胡师傅震惊地看着云翼,从刑堂到竹影阁要穿过四个跨院,云梒伤成这个样子,拖了回去还不折腾掉半条命?
怀里的身子微微一抽,云翼抖着声音改口道,“不,不,别,你去找个藤椅子,命人抬他回去,别让他穿衣服就行。”
胡师傅愣愣的,看着云翼将重伤云梒交到他手中,转身飞奔而去几乎是落荒而逃。
一路抬过去,还不能遮掩?这不是要将云梒在云家人面前示众吗?心高气傲的云梒怎么受得了。

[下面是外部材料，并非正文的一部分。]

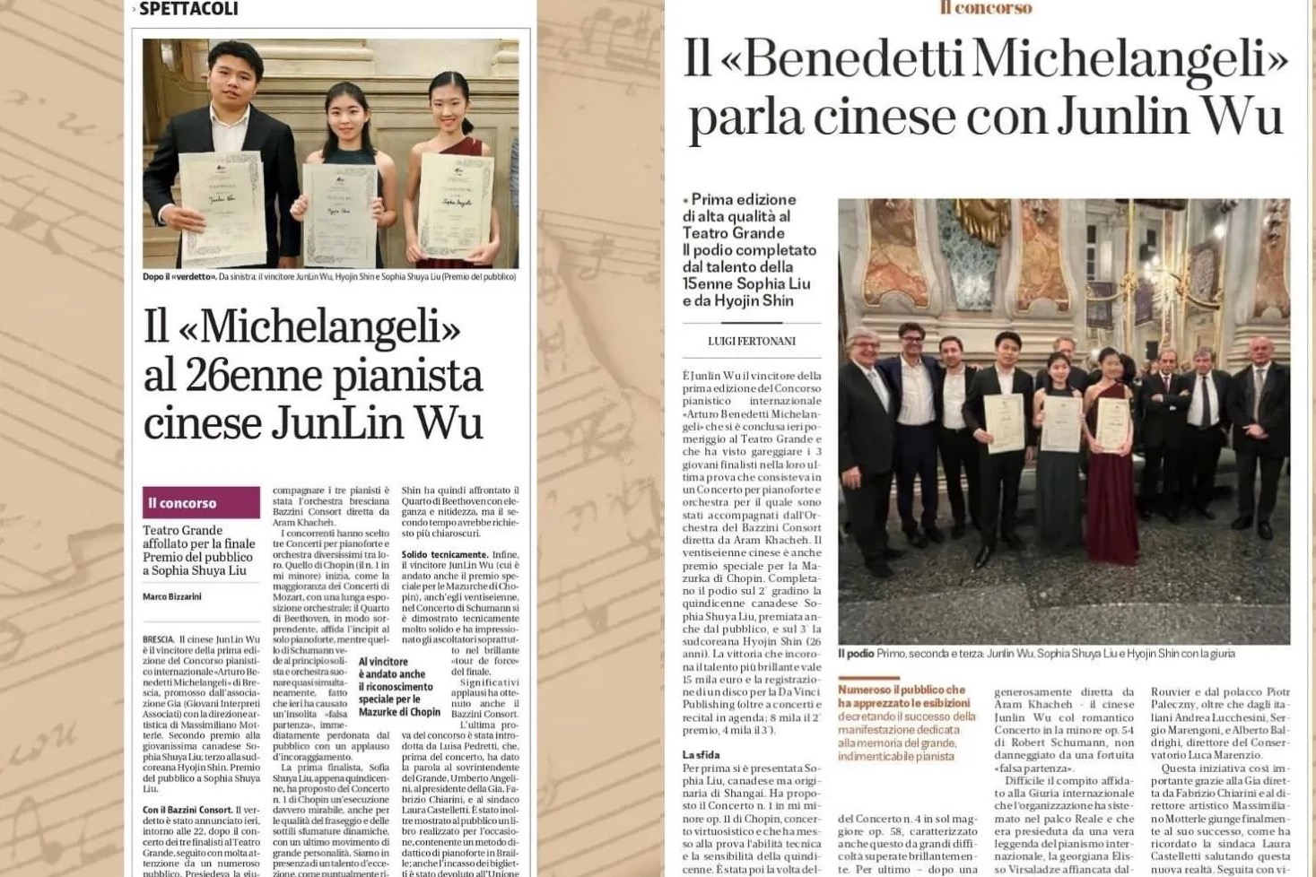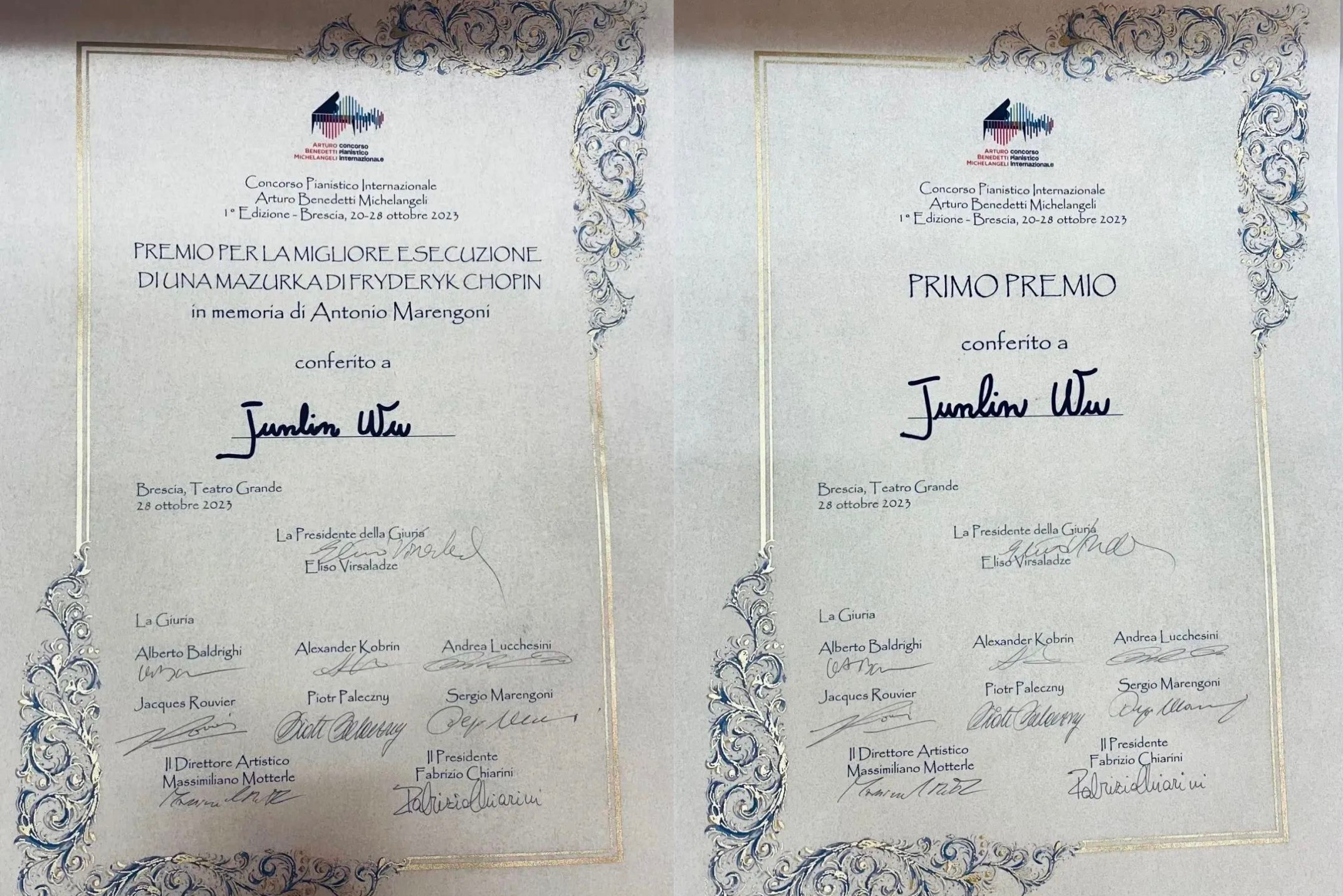 第一届米开朗杰利国际钢琴比赛由意大利公益组织Giovani Interpreti Associati(Young Interpreters Association)主办,由数位国际顶尖钢琴家、钢琴教育家担任评委。大赛汇聚了来自世界各地的一流音乐家参赛,在选手组成规模、比赛规定时长、轮次和曲目设置、评委阵容等方面,均达到了国家文化部评定的国际A类赛事级别。在此次比赛中,吴君麟与来自世界各地的36名优秀钢琴家同台竞技,历经四轮激烈的角逐,最终以精湛的技艺和卓越的才华打动了现场评审团,斩获赛事第一名和最佳肖邦玛祖卡奖,同时还赢得2024年、2025年欧洲巡演钢琴独奏会、意大利布雷西亚交响乐团乐季开幕式演出,以及与达芬奇唱片公司合作录制专辑等机会。此次获奖是学院钢琴系近年来所取得的最高规格、最高标准的国际权威赛事冠军。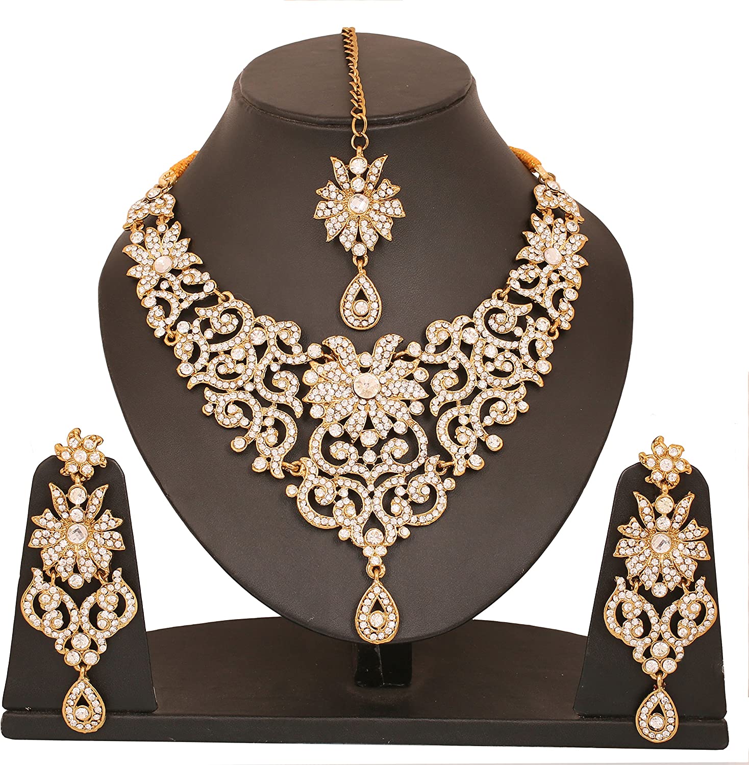 Touchstone Indian Bollywood Gorgeous intricate Workmanship Sparkling White Colorful Rhinestone crystal wedding Designer Jewelry Necklace Set In Gold or Silver Tone For Women.

胡师傅低头,看着泪珠从云梒眼角滑落,哽咽道:“孩子,委屈你了。”
一路被抬在藤椅上,云梒希望自己能昏过去,可惜他偏偏清醒着,清醒地听到丫鬟婆子们的窃窃私语,清醒地看着十字军将士们低下的头,清醒地感知着云家人或怜悯、或同情、或幸灾乐祸的各种眼神。云梒觉得自己像一只被扒光了毛的公鸡,肆无忌惮地将伤口示众人前。